V06-07: Robotic-assisted Laparoscopic Nerve Sparing Cystectomy

V06-07: Robotic-assisted Laparoscopic Nerve Sparing Cystectomy

Video

INTRODUCTION

It has been recently proven that robotic cystectomy was non-inferior to open cystectomy for 2-year progression-free survival. It seems clear that robotic cystectomy offers lower rates of blood loss and transfusions compared to open cystectomy. However, it has yet to be determined if Intracorporeal Urinary Diversion, compared with Extracorporeal Urinary Diversion, has a lower risk of complications. We sustain that robotic cystectomy can offer better outcomes in nerve sparing. Therefore, in this video we present the technique we have used and the results we have obtained.

METHODS

We initiate the intervention performing the liberation of the seminal vesicles with Montsouris technique. We then make and incision in the peritoneum and dissect the vas deferens and seminal vesicles. After pulling the vas deferens, the Denonvilliers fascia is exposed. It can be safely open, so that we are able to create a posterior, intrafascial dissection plane to reach the apex of the prostate. When the ureter and the lateral pedicles of the urinary bladder are sectioned, and the endopelvic fascia is open, we perform a dissection of the intrafascial lateral plane of the prostate. Thus, we are able to safely clamp the vascular pedicles of the prostate and put together the two intrafascial planes, which are carefully widened to reach the uretra. We liberate the urethra so that we are able to separate it from the bundles. The urethra is clamped to avoid the dissemination of the tumoral cells, and then sectioned.

RESULTS

We operated 51 patients with a mean age of 58.3; of those 46 were males. An Extracorporeal Urinary Diversion was performed in 14 of them, while 37 had an Intracorporeal Urinary Diversion. The ASA score was 2 in 24 of the patients, and 3 in 27 of them. Neoadjuvant chemotherapy was administered in 27 patients. A nerve sparing cystectomy was performed in 31 of them. The mean operating time was 406 minutes.

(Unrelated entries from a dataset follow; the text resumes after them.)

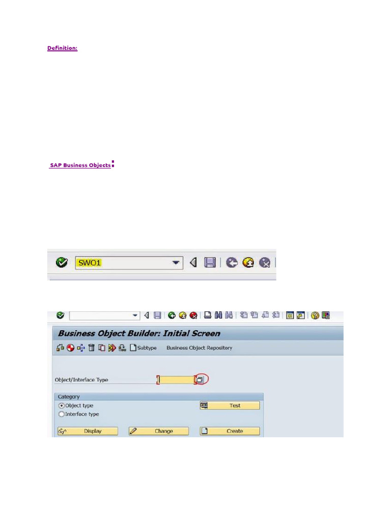 SAP Business Objects can be created with Tcode- SWO1 called as Business Object Repository. This BO
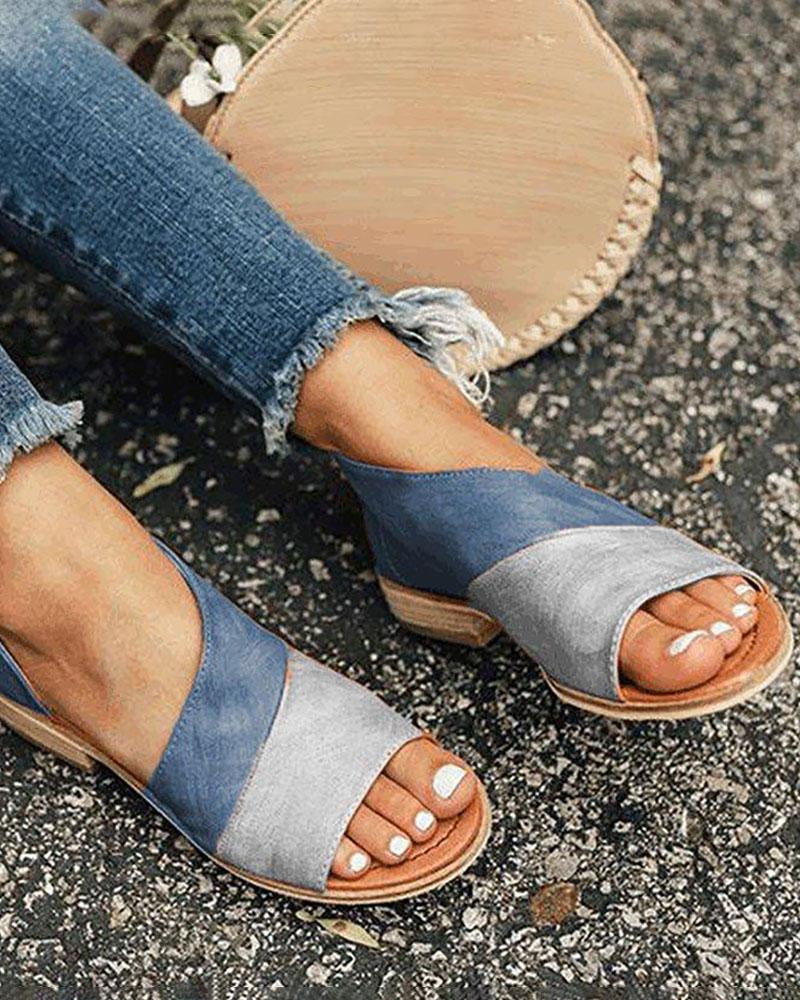 Open Toe Colorblock Insert Cutout Sandals, Blue
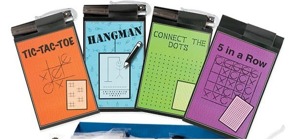 These game pad and pen sets each include four different games to play: Hangman, Connect the Dots, Tic-Tac-Toe, and 5 in a Row. Great for quiet playtime at home, or for travel fun!
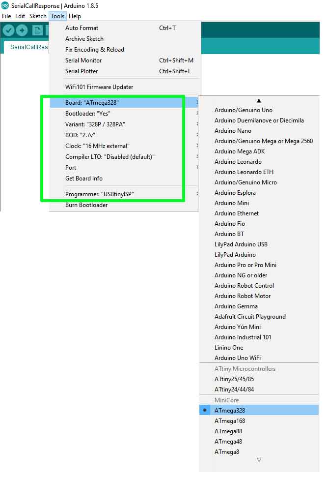 C:\Program Files (x86)\Arduino\hardware\tools\avr/bin/avrdude -CC:\Users\amc\AppData\Local\Arduino15\packages\MiniCore\hardware\avr\2.0.1/avrdude.conf -v -patmega328p -cusbtiny -e -Ulock:w:0x3f:m -Uefuse:w:0xfd:m -Uhfuse:w:0xd6:m -Ulfuse:w:0b11110111:m
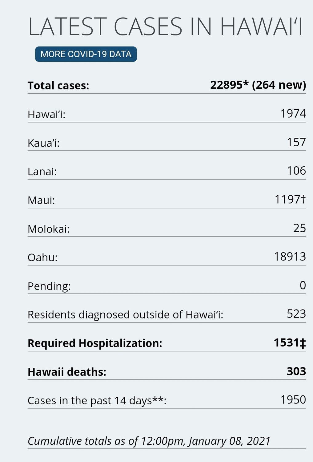 10 new cases on island via Hawaii DoH. There have been a total of 1,974 (+10) confirmed cases on Hawaiʻi Island according to DoH. There has been 119 cases on island in the last two weeks. 2 hospitalized on the island via last report (HCCD). Hawaii Island Deaths Total: 51 – "7 community at the Hilo Medical Center, 4 community at the Kona Community Hospital, 10 from Life Care Center, per their website, 27 from the Yukio Okutsu State Veterans Home." (HMC, Life Care Center). Three fatalities are outstanding from classification. Dept of Health is two days behind on the 7-day average tracking of test positivity; the latest positivity rate is at 1.9% on island, and the state's positivity rate is rising slowly to now 3.4%. On Wednesday, (1.6.20) there were 769 tests processed on island. 1,420 passenger arrivals on island Jan 7th. On December 26th there were 2,333 passenger arrivals, surpassing the previous record for most arrivals since the March and the start of the 14 days quarantine. Passenger arrivals have held steady following Christmas, perhaps being held at higher levels by the ongoing eruption of Kilauea. STATE STATS: Total Cases Statewide: 22,895 (+264 today) Cases in the past 14 days: 1,950 Total Hospitalizations: 1,531 (+10) Total Deaths: 303 (+4) NOTE: Dept of Health on Big Island are at least a 1 month behind in processing deaths. DoH now lists 45 deaths of 51 reported by HCCD.
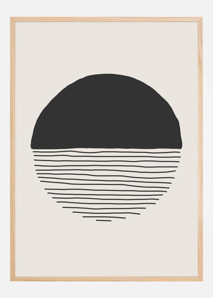 Questo poster è un omaggio alla purezza e alla potenza del design minimalista. Nel motivo, vediamo un semicerchio in nero profondo che sembra galleggiare sopra una serie di linee orizzontali nella stessa tonalità scura. Questo semplice ma audace contrasto con lo sfondo color crema crea un forte effetto visivo. È perfetto per dare un'impressione moderna e sofisticata in uno spazio che valorizza un design rigoroso e elementi grafici forti.
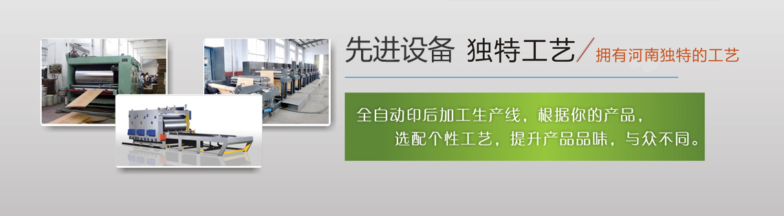 鄭州紙上印包裝制品有限公司擁有一流的設備,先進的管理經驗,雄厚的技術力量和優秀的技術人才。目前公司擁有海德堡1020四色印刷機、全自動精品盒流水線、全自動卡紙瓦紙自動對裱機,半自動平壓平模切機、以及相配套的自動釘箱機、自動粘盒機、分切機、壓紋機、UV燙金機等各種包裝加工印刷設備30多臺套,可對各類紙品包裝盒印刷加工定做。
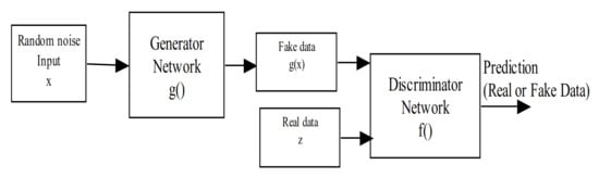 Generative Adversarial Networks (GANs) are among the most prominent deep neural networks in the generative models family [99]. They are made of two network blocks, a generator, and a discriminator, as shown in Figure 7. The generator usually receives a random noise as its input and processes it to produce the output samples that look similar to the data distribution (e.g., fake images). In contrast, the discriminator tries to compare the difference between the real data samples and those produced by the generator.
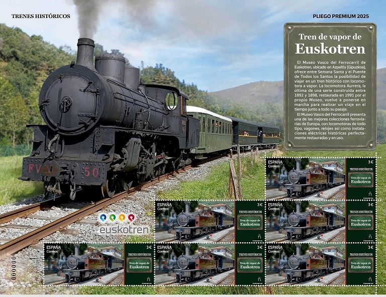 La emisión filatélica conmemora la labor del Museo Vasco del Ferrocarril de Euskotren, cuya colección se considera una de las más importantes de Europa en material ferroviario, que abarca locomotoras, vagones, tranvías y trolebuses.
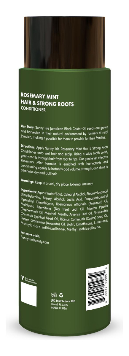 Condicionador Sunny Isle Rosemary Mint Hair & Strong Roots 12 onças | Fórmula anti-quebra e crescimento | Infundido com biotina e óleo de rícino preto jamaicano | Todos os tipos de cabelo – CONDICIONADOR PROFUNDO: O condicionador Sunny Isle Rosemary Mint Hair and Strong Roots é ultra-hidratante e desembaraçante. Nossa fórmula é infundida com biotina e óleo de rícino preto jamaicano; ambos são essenciais para a saúde geral do couro cabeludo e do cabelo. As proteínas do trigo ajudam a penetrar na haste capilar, protegendo contra quebras e queda de cabelo. O óleo de rícino preto jamaicano 100% puro e natural auxilia no tratamento do couro cabeludo seco e com coceira e auxilia em cabelos mais longos, fortes e profundamente nutridos. – INFUSÕES ESPECIAIS: Infundido com biotina e óleo de rícino preto jamaicano puro, este condicionador é formulado para estimular o crescimento do cabelo e rejuvenescer cabelos secos, quebradiços e danificados. – BENEFÍCIOS: suaviza e desembaraça instantaneamente. Suporta cabelos mais saudáveis e longos. Pode ser usado como uma fórmula Co-Wash e Anti-Fade. Aumenta a maleabilidade e promove um brilho saudável. – Sem sulfatos e parabenos: o condicionador Sunny Isle Rosmary Mint Hair and Strong Roots não contém sulfatos e parabenos. Nossa fórmula antidesbotamento torna este condicionador perfeito para cabelos tingidos. Maravilhoso aroma de menta. – TODOS OS TIPOS DE CABELO: Excelente para todos os tipos e texturas de cachos e mechas.
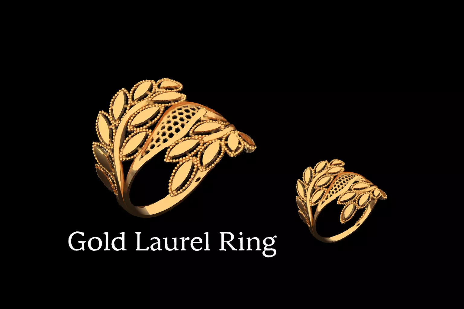 This 3D model presents an elegant gold ring design inspired by laurel leaves, symbolizing victory and timeless beauty. The ring features two symmetrical branches extending from the band, each adorned with elongated, almond-shaped leaves arranged in a graceful arc. Each leaf is bordered with fine beading, adding texture and depth to the design.
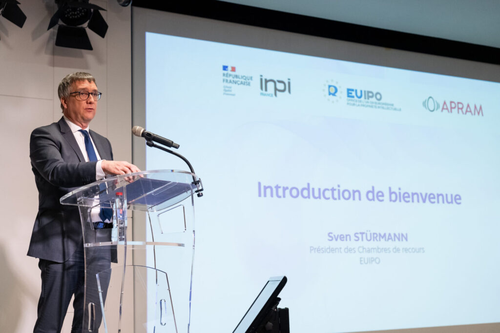 Une conférence co-présidée par PASCAL FAURE, Directeur général, INPI, SVEN STURMANN, Président des Chambres de recours, EUIPO et ANNE-SOPHIE FRERE, Présidente, APRAM
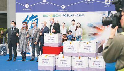 图为在物流配送中心,嘉宾庆祝疫苗抵港。 |
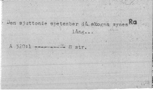 //// Res //// i* ^en sjuttonde spetember då..skogen synes ^ //// lång. //// A 320:1 --- 8 str. ////
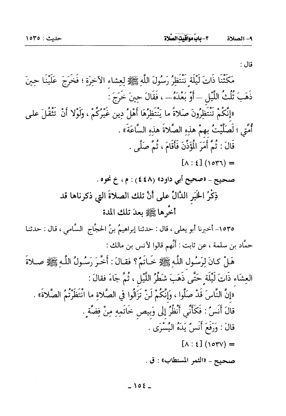 هَلْ كَانَ لِرَسُولِ اللَّهِ صَلَّى اللَّهُ عَلَيْهِ وَسَلَّمَ خَاتَمٌ؟ فَقَالَ أخَّر رَسُولُ اللَّهِ صَلَّى اللَّهُ عَلَيْهِ وَسَلَّمَ صَلَاةَ الْعِشَاءِ ذَاتَ لَيْلَةٍ حَتَّى ذَهَبَ شَطْرُ اللَّيْلِ ثُمَّ جَاءَ فَقَالَ:

There was no need to reconvert any operation. The estimated blood loss was 775 mL and 35% of the patients required a transfusion. The average length of hospital stay was 11.8 days. The majority of the tumors had urothelial origin, and the pathological stage varied widely. We have removed an average of 16.2 adenopathies. 3 of the patients were classified as N1 stage, and other 3 as N2 stage. All resection margins were tumor-free. Mean progression-free survival at 2 years from the operation was 71%. 91% of the 31 men undergoing nerve sparing were potent with or without phospho-diesterase type 5 inhibitors

CONCLUSION

In our series, the preservation of neurovascular bundles through the technique described above offers great outcomes.